§ SUPPLIED RECORDS:
^^^^^^^^^^^^^^^^

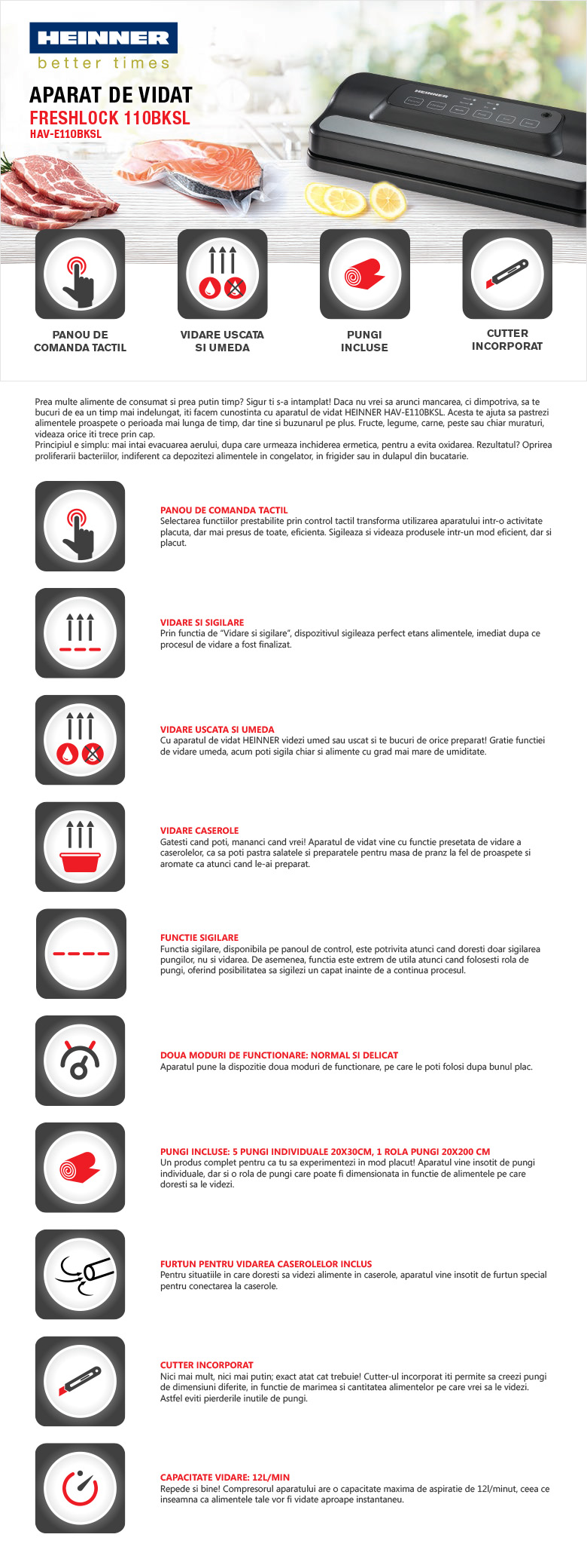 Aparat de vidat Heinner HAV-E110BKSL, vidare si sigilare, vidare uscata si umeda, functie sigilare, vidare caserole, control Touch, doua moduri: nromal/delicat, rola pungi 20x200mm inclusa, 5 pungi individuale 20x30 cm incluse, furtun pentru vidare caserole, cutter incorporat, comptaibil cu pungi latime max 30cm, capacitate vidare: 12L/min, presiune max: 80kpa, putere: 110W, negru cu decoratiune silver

^^^^^^^^^^^^^^^^

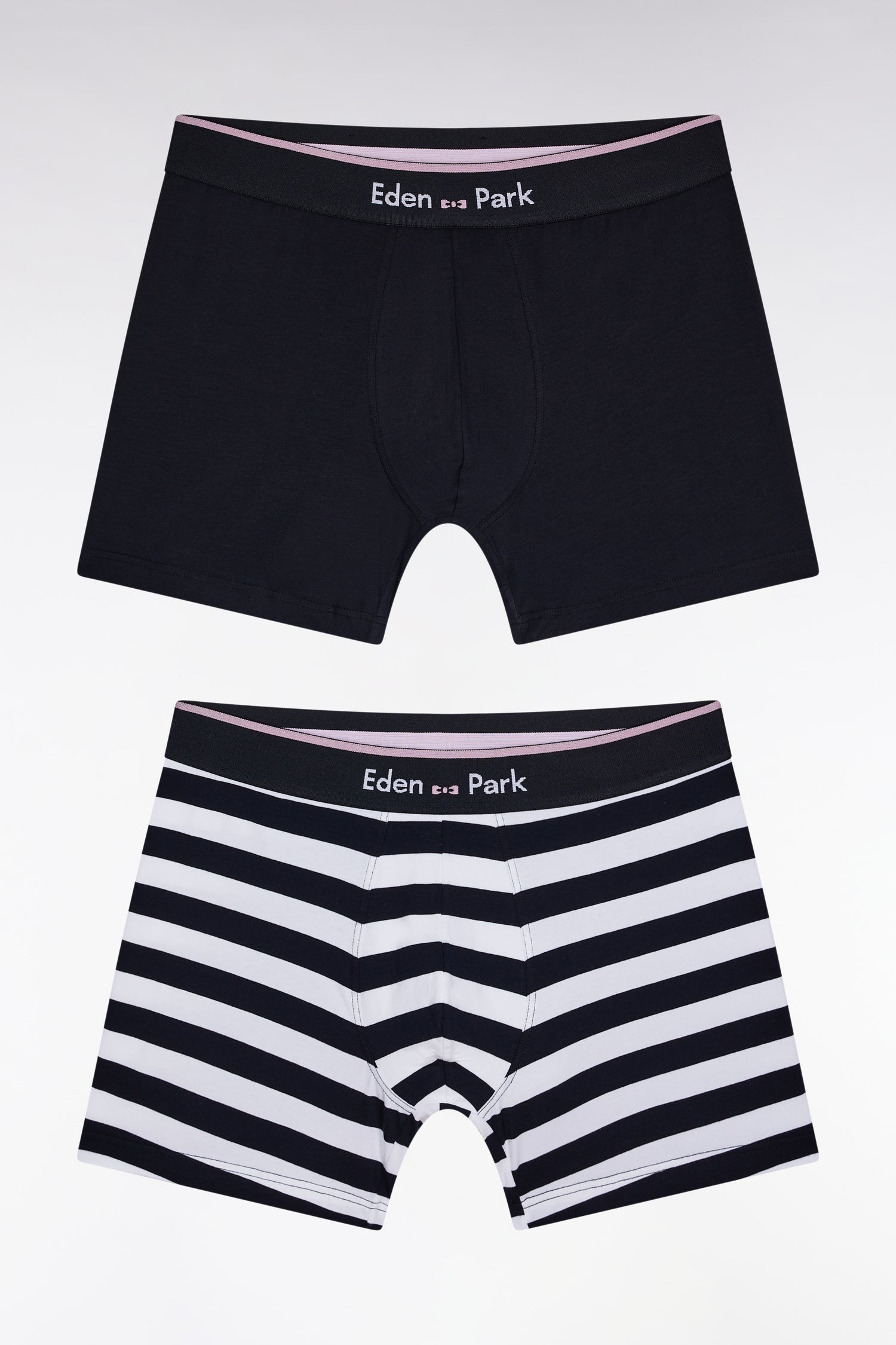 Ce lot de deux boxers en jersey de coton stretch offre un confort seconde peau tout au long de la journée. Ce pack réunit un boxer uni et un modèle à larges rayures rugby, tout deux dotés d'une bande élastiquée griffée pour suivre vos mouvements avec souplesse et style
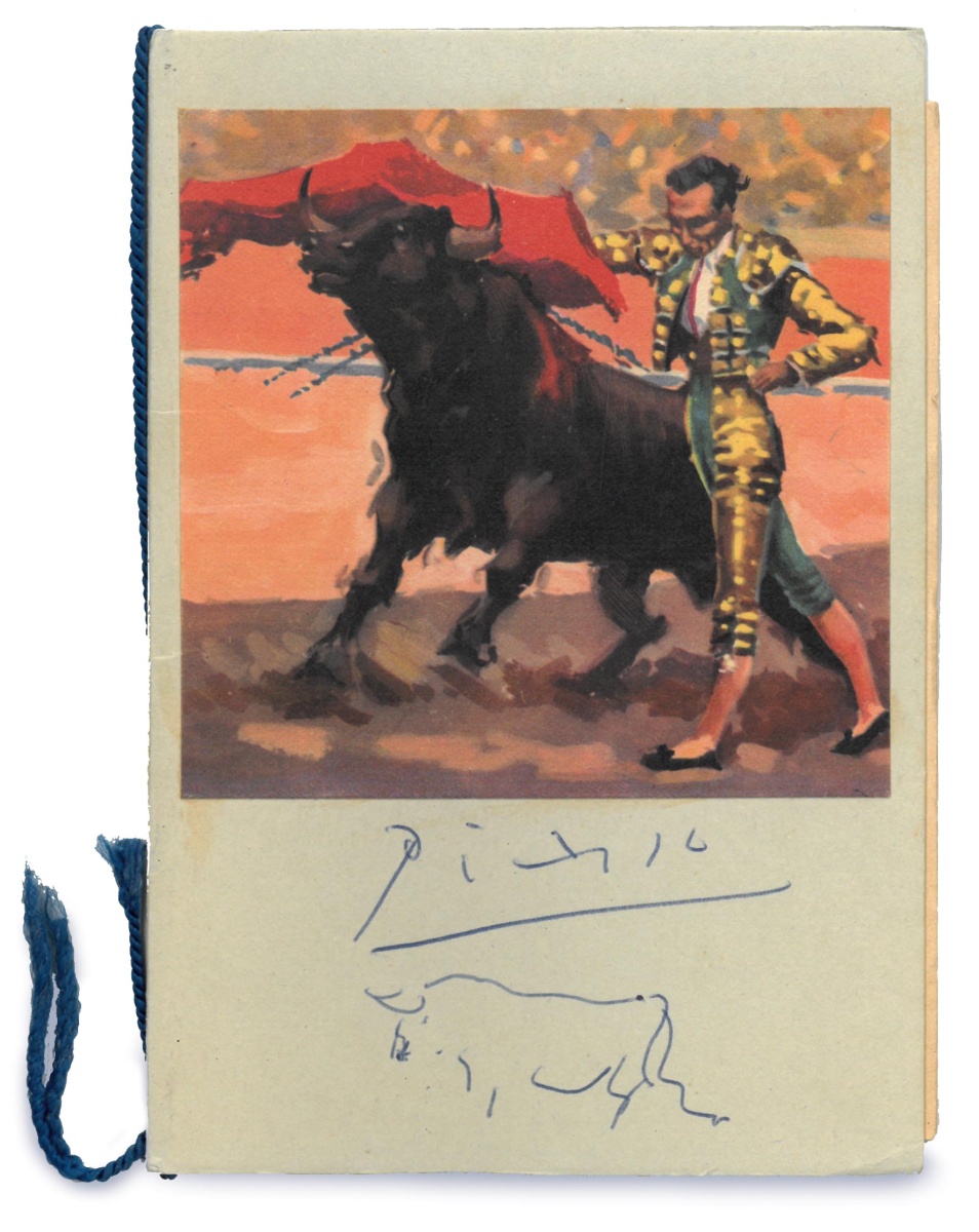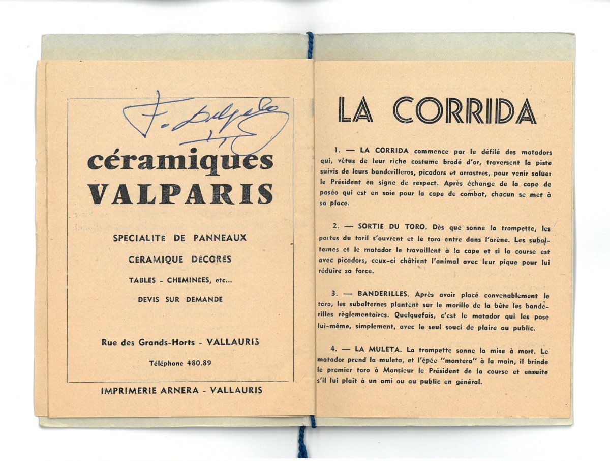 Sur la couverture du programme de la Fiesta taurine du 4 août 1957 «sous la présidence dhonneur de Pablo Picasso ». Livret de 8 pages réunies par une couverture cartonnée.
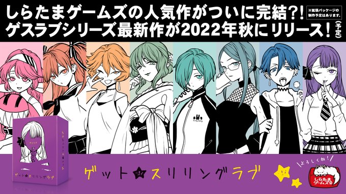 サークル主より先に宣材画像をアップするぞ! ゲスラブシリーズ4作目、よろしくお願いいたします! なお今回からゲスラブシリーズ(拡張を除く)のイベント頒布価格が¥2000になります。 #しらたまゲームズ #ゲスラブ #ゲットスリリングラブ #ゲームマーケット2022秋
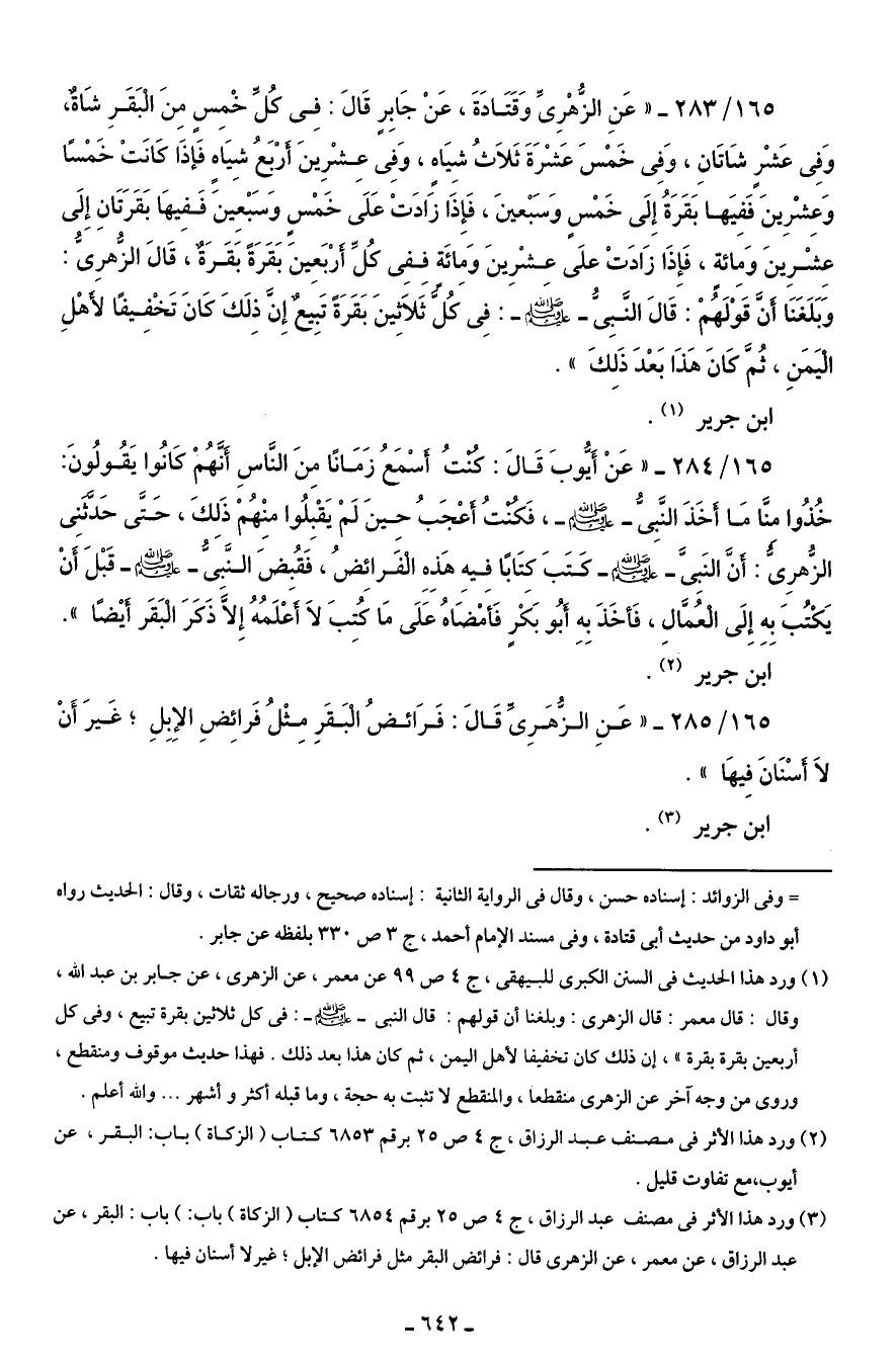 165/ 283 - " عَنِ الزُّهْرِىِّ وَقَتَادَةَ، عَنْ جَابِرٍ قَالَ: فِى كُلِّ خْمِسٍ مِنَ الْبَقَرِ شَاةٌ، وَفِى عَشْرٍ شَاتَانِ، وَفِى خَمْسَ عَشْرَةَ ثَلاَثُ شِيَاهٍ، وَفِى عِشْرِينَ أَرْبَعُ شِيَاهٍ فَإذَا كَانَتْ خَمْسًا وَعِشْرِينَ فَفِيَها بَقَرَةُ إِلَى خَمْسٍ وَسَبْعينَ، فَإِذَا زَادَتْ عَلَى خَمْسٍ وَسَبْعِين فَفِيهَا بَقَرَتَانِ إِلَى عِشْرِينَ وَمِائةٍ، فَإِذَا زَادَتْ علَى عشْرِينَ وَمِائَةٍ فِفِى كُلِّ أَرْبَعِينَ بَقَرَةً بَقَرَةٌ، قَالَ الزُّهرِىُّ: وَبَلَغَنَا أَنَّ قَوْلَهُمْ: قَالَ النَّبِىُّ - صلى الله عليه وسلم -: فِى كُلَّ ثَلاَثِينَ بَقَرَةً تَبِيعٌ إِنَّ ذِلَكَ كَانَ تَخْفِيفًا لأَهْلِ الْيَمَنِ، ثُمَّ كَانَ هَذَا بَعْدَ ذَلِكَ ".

^^^^^^^^^^^^^^^^

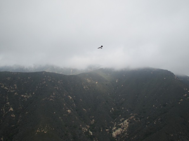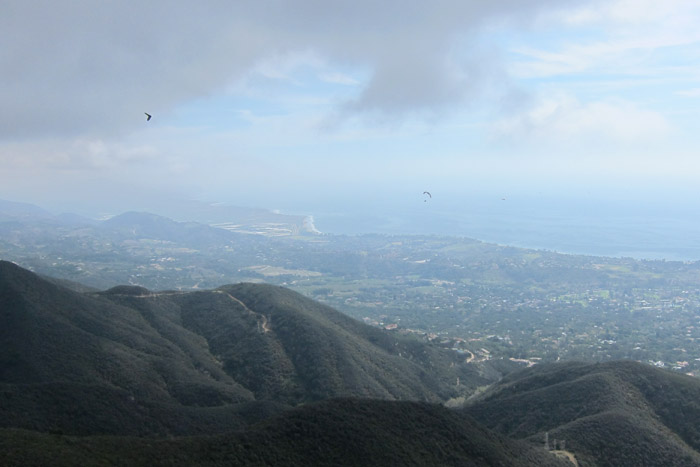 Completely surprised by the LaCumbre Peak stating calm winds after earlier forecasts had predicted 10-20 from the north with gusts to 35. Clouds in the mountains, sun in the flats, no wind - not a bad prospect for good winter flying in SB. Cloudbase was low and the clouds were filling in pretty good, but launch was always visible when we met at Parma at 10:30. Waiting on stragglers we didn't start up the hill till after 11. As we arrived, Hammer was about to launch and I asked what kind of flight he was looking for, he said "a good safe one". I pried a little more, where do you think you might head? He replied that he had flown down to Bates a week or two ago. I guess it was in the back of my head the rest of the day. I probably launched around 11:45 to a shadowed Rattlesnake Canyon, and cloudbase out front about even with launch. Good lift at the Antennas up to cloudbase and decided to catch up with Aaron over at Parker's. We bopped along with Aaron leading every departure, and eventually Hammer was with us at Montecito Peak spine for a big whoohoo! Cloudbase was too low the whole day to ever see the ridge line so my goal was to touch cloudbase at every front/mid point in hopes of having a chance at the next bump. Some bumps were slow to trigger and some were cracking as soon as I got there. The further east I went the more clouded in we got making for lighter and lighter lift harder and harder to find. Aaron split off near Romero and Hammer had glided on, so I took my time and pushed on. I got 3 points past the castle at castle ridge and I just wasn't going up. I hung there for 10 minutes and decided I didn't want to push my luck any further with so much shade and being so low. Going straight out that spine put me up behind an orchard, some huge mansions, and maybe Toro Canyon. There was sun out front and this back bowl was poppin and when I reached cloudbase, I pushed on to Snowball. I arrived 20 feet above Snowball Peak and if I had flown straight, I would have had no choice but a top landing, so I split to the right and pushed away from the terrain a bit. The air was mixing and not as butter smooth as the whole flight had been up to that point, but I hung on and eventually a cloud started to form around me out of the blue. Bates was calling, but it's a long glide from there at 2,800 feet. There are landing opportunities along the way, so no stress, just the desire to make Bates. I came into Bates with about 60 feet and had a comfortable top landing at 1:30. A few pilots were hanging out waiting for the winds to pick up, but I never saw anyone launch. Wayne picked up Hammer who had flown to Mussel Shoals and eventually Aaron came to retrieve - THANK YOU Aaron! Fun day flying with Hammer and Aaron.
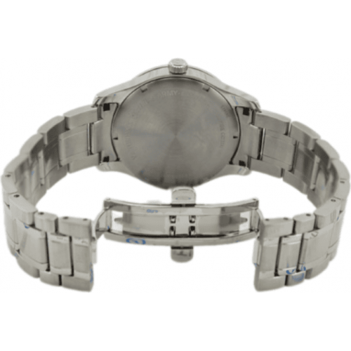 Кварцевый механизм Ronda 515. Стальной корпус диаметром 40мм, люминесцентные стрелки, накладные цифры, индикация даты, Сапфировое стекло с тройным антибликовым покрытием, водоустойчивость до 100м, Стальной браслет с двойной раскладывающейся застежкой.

^^^^^^^^^^^^^^^^

Nothing but the lines from the one with "Ce lot de deux" to the one with "#ゲスラブ #ゲットスリリングラブ #ゲームマーケット2022秋" above, both included, should be transcribed, exactly and without pictures.

 Ce lot de deux boxers en jersey de coton stretch offre un confort seconde peau tout au long de la journée. Ce pack réunit un boxer uni et un modèle à larges rayures rugby, tout deux dotés d'une bande élastiquée griffée pour suivre vos mouvements avec souplesse et style
 Sur la couverture du programme de la Fiesta taurine du 4 août 1957 «sous la présidence dhonneur de Pablo Picasso ». Livret de 8 pages réunies par une couverture cartonnée.
 サークル主より先に宣材画像をアップするぞ! ゲスラブシリーズ4作目、よろしくお願いいたします! なお今回からゲスラブシリーズ(拡張を除く)のイベント頒布価格が¥2000になります。 #しらたまゲームズ #ゲスラブ #ゲットスリリングラブ #ゲームマーケット2022秋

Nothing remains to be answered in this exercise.